生命,没有谁的生命是走得一帆风顺的。

    除非是庸才。

    否则,必定要经历一番寒彻骨,还有痛彻心扉后,才能奋起。

    “准备好了吗?”

    什么准备好了。

    苏浅希还没注意,她听到女人悦耳的声音在耳边响起。

    “试试让自己静静,冷静下来再去思考问题。”

    苏浅希看着她,后面见她朝盆里凉水指了指。

    “尽量将呼吸淹没在水里,感受下什么感觉。”

    溺水的感觉嘛。

    她有些手脚发软。

    但是面对感觉一座大山的女主,苏浅希跟着做了。

    彻骨的冰冷,让她想起来。

    但是耳边有句话传来的时候,她没有动了。

    “亲自感受下,生命的不易,你就会珍惜还有抗争。我能给你的,跟你能靠自己获取的,终究是不一样的。”

    她在静静的听着帝斯瑜讲话,即便现在整个头闷在水里,她已经在渐渐的感觉到缺氧了。

    “生命就是这样,不断的去探索你的极限,然后突破它,再超越它,这就是生命。”

    她耳朵一直在轰鸣声直响,但是她却在认真的思索着帝斯瑜讲的话。

    什么是生命的极限,又如何去超越这种极限。

    她想,只有在生死一线间,学会抗争,度过去了,这就是极限。

    所以在她因为自己会被憋死溺水而亡的时候,忽然她感觉呼吸一阵轻松。

    水盆被砸了个dong,然后盆里的水,全流了出去。

    她大口大口的喘着粗气,被憋的苍白的脸色,渐渐因为回氧,开始恢复一点生气。

    耳边再次传来一个声音,“看,当你在拼尽全力去拼搏和超越极限的时候,你说不定就会遇到在路上拉你一把的人。

    因为谁也不知道,在下一个路口拉你的人,会在哪里,而你能做的,就是永远坚持。”

    苏浅希瞪着大大的双眼,眼睛里的光芒,从迷茫再到镇定。

    不论她现在懂了多少帝斯瑜说的话,但是此刻,她是只有一个感觉。

    活着真好。

    只有活着,也才有希望。

    所以她抬头,定定的看着帝斯瑜,认真的说,“瑜姐,我懂了。”

    帝斯瑜自己也不好受。

    看着苏浅希差点被憋过气的时候,她心里一阵慌乱闪过。

    她是一个对自己对下手都能狠的人,独独面对苏浅希的那一刻,她没有让她到极限,就打破了盆子。

    因为她害怕。

    这样的情绪,出现在帝斯瑜的人生里,除了她八岁那年,母亲绝望的跳下楼的瞬间感受到外,这么多年了,这样的情绪,她已经很少感受到了。
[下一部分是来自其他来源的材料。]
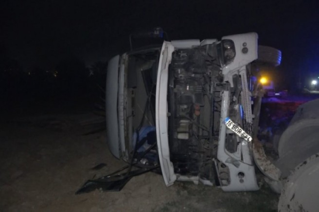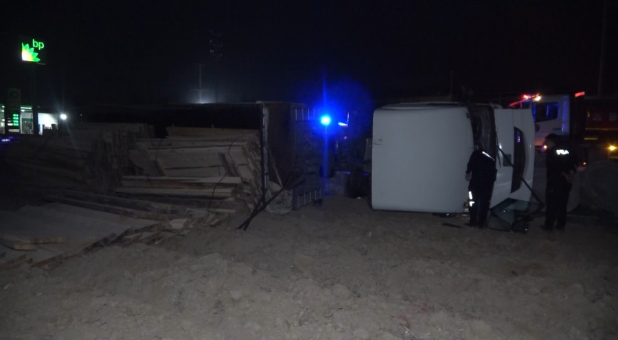 Çarpmanın etkisiyle kontrolden çıkan kereste yüklü tır, yol kenarındaki tarlaya uçarak yan yattı. Şoför, yan yatan tırdan çıkarak kaçtı. İhbar üzerine olay yerine polis, sağlık ve itfaiye ekipleri sevk edildi. Tır, çekici ile kaldırılırken polis, olayla ilgili tahkikat başlattı.

    所以她定定的站在墙壁,jiāo叠的双腿,就这么随意的靠在化妆桌脚上,看起来随意又美得慑人。

    但是谁也不知道她的心,差点随苏浅希呼吸消失那刻跟着消失。

    只是在苏浅希抬着亮晶晶的眼神看着她的时候,她若有似无的应了声,“嗯。”

    平静的外表下,有一颗不平静的心。

    她只是这么的看着苏浅希良久,一直到苏浅希都感觉到自己,是不是有什么不对劲的时候。

    她低头,将苏浅希已经凌乱的发丝整理了下。

    “好姑娘,在任何时候,好的面目形象,是你在媒体和镜头下,永远必胜的法宝。”

    “理理吧。”

    在苏浅希再次愣愣的看着自己眉间温柔的手指触感时,人已经出去了。

    苏浅希对着梳妆镜,整理了下衣裳,正准备叫小葵给她送件衣裳过来时,小葵已经抱着衣裳进来了。

    “瑜姐呢?”

    她其实是想问,小葵为什么知道她需要衣服。

    后面一想,多半是瑜姐告诉她的吧。

    “已经走了。”

    小葵是接到白霖求爹爹告奶奶的电话后,才知道帝总,是在甩了一堆正等着她开会的人,跑过来的。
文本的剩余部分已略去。